* [What to work on]:
Would you transcribe the records below from the line with "El miércoles 29" to the line with "시민행정신문 이존영 기자", ends included, exactly and with nothing more, leaving the pictures out?

* [Given records]:

------------

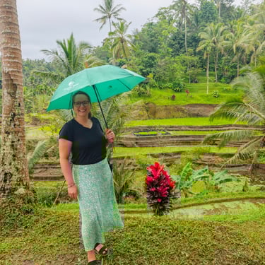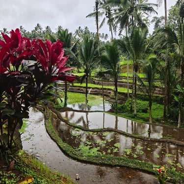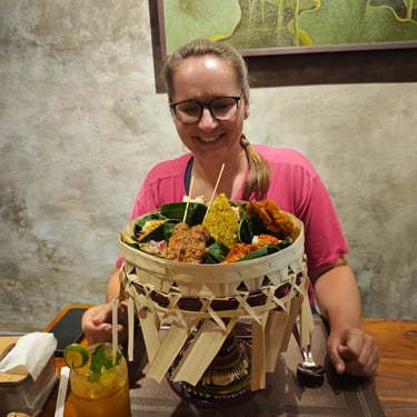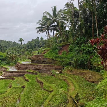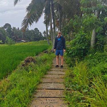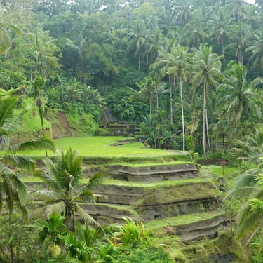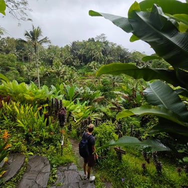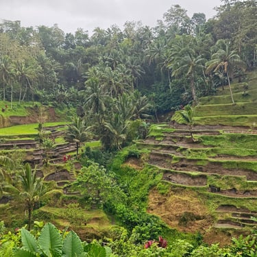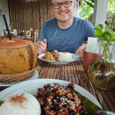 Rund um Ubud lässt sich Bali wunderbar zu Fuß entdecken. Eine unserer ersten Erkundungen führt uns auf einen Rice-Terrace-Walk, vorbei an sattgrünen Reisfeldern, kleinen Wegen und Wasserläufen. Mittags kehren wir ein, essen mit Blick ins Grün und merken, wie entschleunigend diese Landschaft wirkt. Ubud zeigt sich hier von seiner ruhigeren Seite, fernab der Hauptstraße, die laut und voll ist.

------------

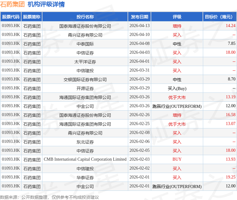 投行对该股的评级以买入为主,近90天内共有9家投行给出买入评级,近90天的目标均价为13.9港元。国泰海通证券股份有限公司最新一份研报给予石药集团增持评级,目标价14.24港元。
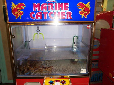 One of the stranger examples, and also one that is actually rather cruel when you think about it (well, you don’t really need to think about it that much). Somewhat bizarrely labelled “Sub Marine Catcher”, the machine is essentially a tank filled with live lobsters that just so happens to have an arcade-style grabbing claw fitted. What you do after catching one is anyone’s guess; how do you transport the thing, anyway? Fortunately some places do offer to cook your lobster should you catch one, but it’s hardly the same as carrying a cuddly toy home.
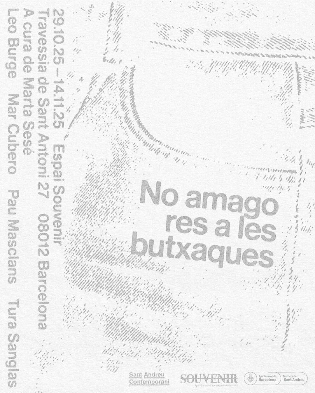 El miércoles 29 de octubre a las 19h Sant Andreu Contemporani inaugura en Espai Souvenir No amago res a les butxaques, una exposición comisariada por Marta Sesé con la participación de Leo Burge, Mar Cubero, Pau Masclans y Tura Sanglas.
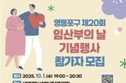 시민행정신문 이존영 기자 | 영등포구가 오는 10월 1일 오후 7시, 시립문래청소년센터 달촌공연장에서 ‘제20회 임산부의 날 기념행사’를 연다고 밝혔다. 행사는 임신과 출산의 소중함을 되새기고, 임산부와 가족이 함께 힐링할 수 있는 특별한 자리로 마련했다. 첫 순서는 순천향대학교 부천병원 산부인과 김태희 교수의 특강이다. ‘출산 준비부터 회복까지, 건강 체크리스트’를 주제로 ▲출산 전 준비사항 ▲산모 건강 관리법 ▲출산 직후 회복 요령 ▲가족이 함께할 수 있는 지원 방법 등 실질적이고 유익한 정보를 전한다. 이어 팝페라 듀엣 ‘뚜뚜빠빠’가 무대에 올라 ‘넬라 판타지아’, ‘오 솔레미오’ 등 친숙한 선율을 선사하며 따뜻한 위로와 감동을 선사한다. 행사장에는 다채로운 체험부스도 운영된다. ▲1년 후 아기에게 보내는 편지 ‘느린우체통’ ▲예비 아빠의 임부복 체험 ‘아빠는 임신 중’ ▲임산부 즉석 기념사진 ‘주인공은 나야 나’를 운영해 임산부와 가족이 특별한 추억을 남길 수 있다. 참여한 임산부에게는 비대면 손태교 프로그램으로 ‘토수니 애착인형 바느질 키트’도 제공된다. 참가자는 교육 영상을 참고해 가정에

------------

* [Final answer]:
 El miércoles 29 de octubre a las 19h Sant Andreu Contemporani inaugura en Espai Souvenir No amago res a les butxaques, una exposición comisariada por Marta Sesé con la participación de Leo Burge, Mar Cubero, Pau Masclans y Tura Sanglas.
 시민행정신문 이존영 기자 | 영등포구가 오는 10월 1일 오후 7시, 시립문래청소년센터 달촌공연장에서 ‘제20회 임산부의 날 기념행사’를 연다고 밝혔다. 행사는 임신과 출산의 소중함을 되새기고, 임산부와 가족이 함께 힐링할 수 있는 특별한 자리로 마련했다. 첫 순서는 순천향대학교 부천병원 산부인과 김태희 교수의 특강이다. ‘출산 준비부터 회복까지, 건강 체크리스트’를 주제로 ▲출산 전 준비사항 ▲산모 건강 관리법 ▲출산 직후 회복 요령 ▲가족이 함께할 수 있는 지원 방법 등 실질적이고 유익한 정보를 전한다. 이어 팝페라 듀엣 ‘뚜뚜빠빠’가 무대에 올라 ‘넬라 판타지아’, ‘오 솔레미오’ 등 친숙한 선율을 선사하며 따뜻한 위로와 감동을 선사한다. 행사장에는 다채로운 체험부스도 운영된다. ▲1년 후 아기에게 보내는 편지 ‘느린우체통’ ▲예비 아빠의 임부복 체험 ‘아빠는 임신 중’ ▲임산부 즉석 기념사진 ‘주인공은 나야 나’를 운영해 임산부와 가족이 특별한 추억을 남길 수 있다. 참여한 임산부에게는 비대면 손태교 프로그램으로 ‘토수니 애착인형 바느질 키트’도 제공된다. 참가자는 교육 영상을 참고해 가정에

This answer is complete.